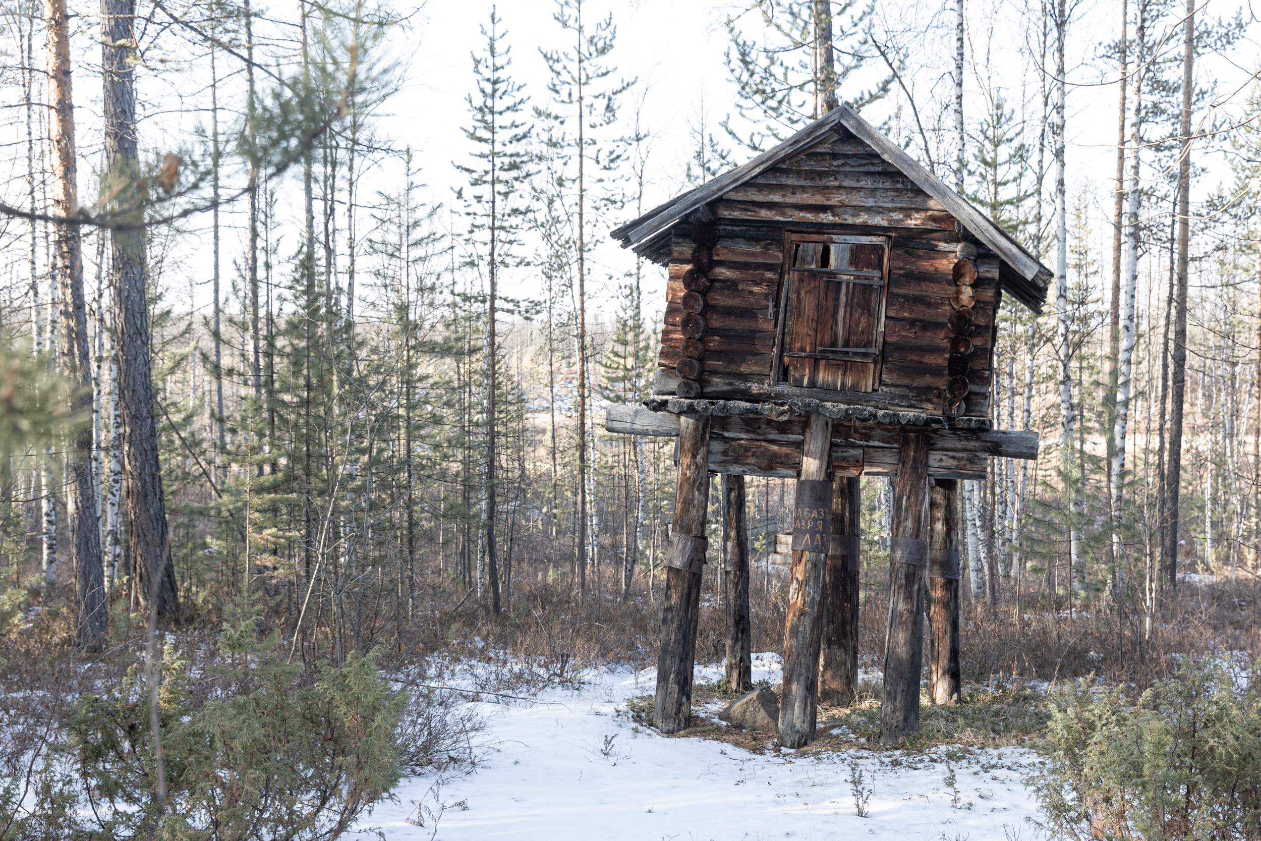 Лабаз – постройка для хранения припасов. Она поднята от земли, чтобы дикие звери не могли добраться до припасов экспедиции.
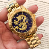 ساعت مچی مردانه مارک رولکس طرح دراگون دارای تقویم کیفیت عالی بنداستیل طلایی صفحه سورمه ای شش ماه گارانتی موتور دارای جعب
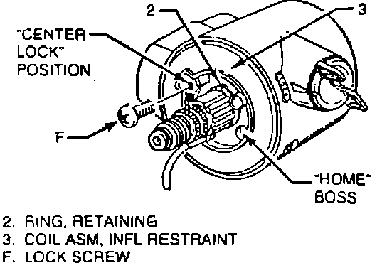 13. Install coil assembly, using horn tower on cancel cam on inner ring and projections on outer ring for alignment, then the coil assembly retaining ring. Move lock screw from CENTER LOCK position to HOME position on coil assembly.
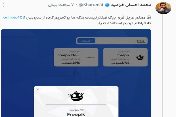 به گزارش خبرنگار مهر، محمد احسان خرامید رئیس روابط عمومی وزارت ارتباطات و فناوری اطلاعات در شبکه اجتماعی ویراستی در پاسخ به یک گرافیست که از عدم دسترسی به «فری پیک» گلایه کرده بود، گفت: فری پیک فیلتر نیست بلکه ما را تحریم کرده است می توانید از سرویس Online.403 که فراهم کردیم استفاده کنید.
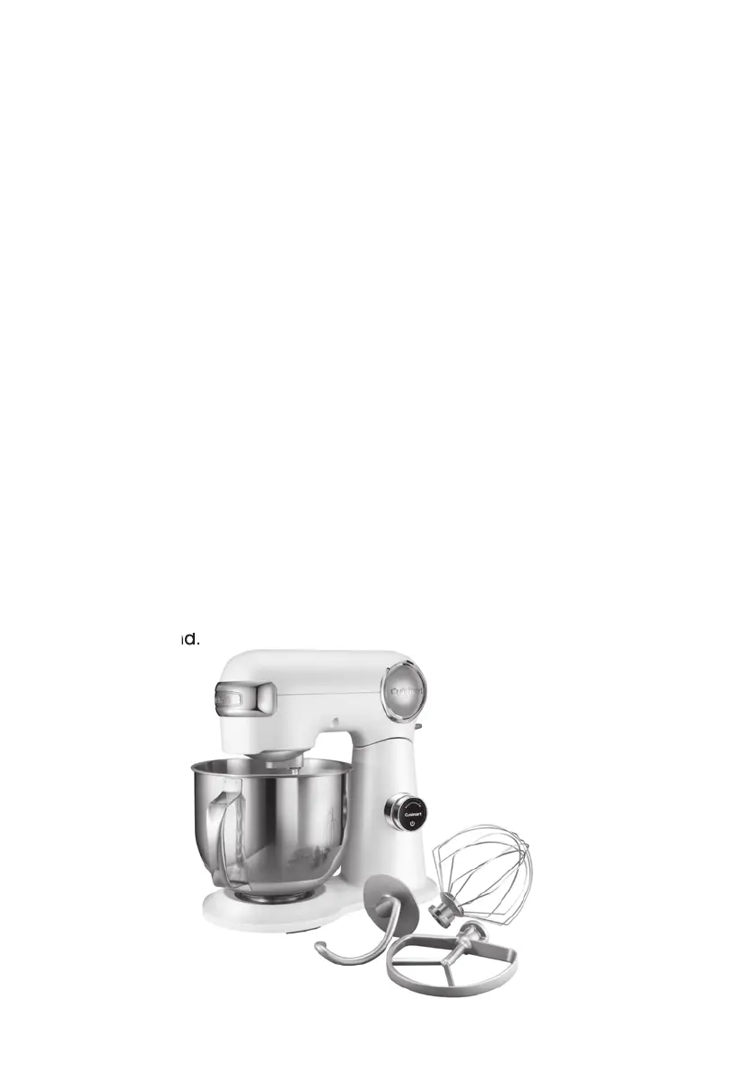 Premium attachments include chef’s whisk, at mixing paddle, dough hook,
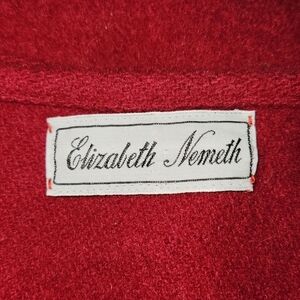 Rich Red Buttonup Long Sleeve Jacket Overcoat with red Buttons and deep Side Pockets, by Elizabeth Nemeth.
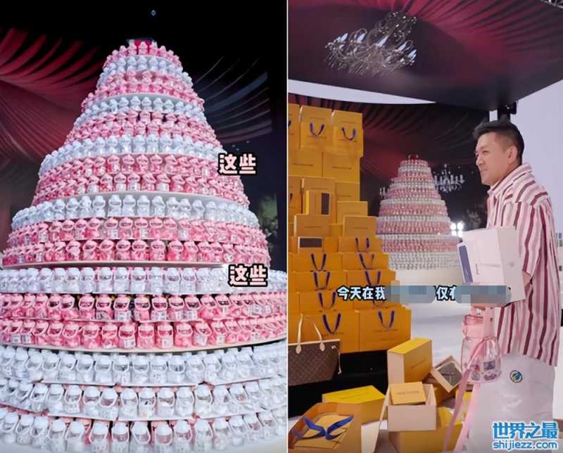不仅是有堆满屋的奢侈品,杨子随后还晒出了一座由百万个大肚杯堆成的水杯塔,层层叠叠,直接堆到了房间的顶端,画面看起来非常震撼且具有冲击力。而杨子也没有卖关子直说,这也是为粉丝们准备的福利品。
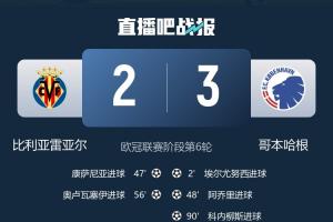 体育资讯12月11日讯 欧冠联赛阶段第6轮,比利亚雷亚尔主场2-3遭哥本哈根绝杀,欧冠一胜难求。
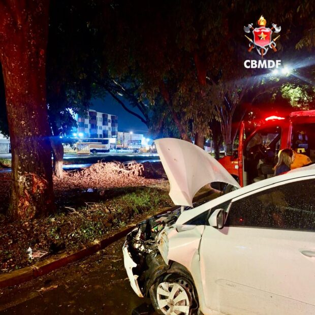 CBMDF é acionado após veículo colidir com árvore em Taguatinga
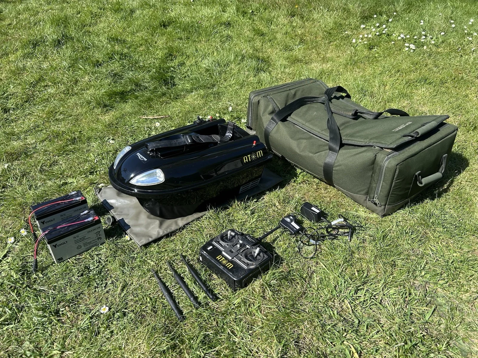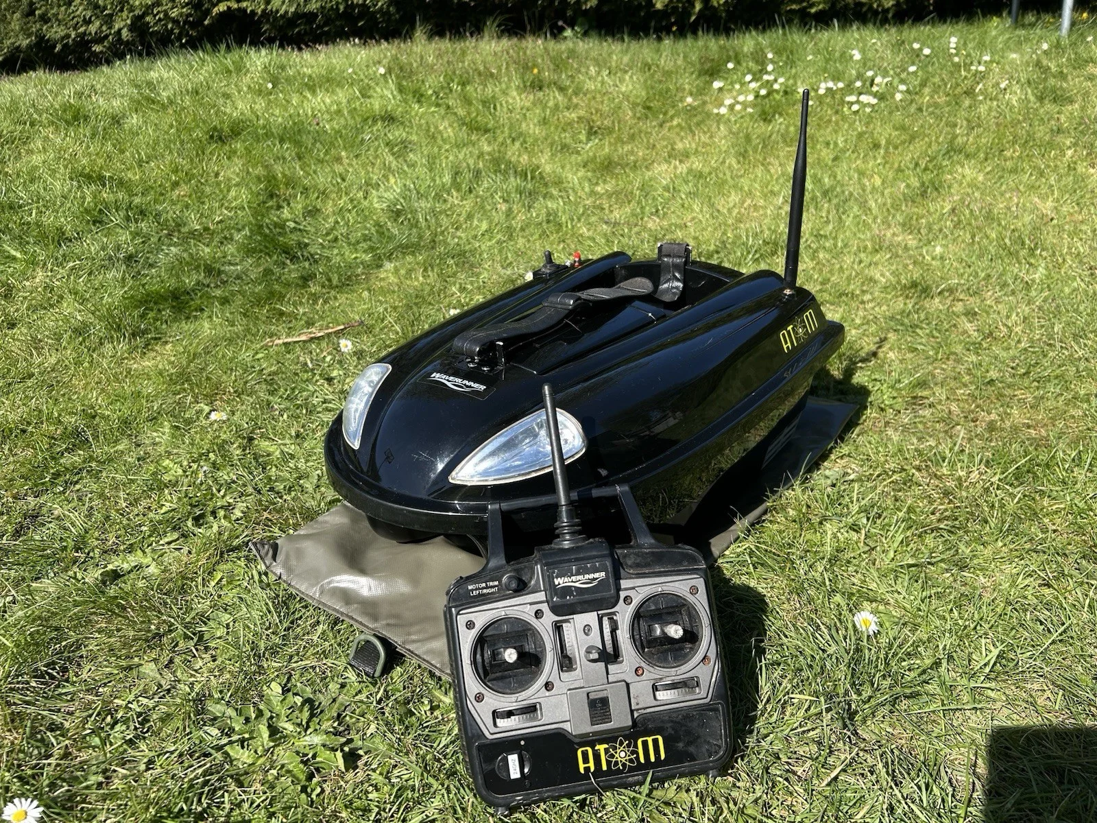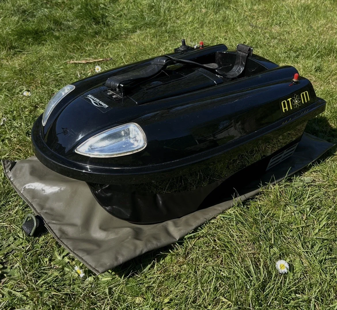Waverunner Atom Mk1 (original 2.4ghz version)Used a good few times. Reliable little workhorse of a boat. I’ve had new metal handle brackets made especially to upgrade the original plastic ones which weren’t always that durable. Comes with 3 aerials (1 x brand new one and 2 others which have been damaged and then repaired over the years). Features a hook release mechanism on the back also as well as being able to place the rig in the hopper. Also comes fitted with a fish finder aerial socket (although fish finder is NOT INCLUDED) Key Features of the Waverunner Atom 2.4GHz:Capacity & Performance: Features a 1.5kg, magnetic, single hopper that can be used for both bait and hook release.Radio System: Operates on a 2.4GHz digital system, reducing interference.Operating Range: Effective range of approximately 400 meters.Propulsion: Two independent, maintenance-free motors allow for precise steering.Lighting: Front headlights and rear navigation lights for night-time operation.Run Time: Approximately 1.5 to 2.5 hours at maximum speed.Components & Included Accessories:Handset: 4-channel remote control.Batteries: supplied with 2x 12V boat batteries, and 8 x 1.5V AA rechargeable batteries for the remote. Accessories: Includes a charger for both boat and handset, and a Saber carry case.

...

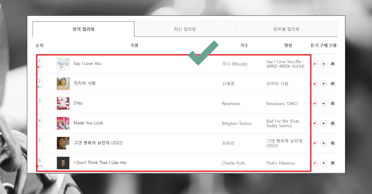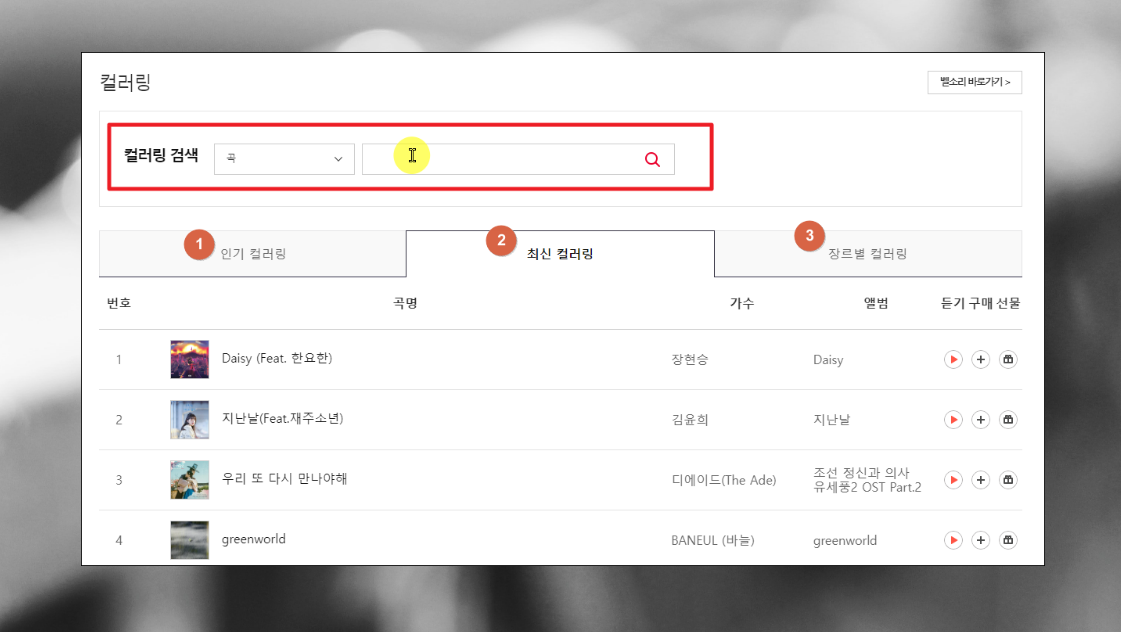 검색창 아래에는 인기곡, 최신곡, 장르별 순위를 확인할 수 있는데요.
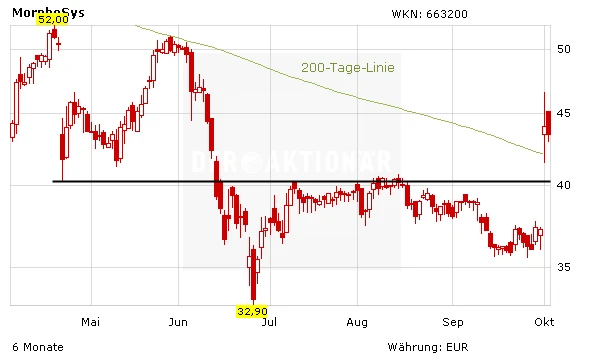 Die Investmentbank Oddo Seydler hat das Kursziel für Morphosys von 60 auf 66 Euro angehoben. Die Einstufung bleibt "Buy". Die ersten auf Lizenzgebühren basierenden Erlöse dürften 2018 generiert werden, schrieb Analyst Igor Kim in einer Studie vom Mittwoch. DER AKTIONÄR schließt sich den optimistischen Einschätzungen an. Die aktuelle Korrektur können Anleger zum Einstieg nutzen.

**Work instruction:** Would you restate, exactly and with no pictures, the lines of the entries above from the one containing "ساعت مچی مردانه" through the one containing "13. Install coil"?

**Reply:**
 ساعت مچی مردانه مارک رولکس طرح دراگون دارای تقویم کیفیت عالی بنداستیل طلایی صفحه سورمه ای شش ماه گارانتی موتور دارای جعب
 13. Install coil assembly, using horn tower on cancel cam on inner ring and projections on outer ring for alignment, then the coil assembly retaining ring. Move lock screw from CENTER LOCK position to HOME position on coil assembly.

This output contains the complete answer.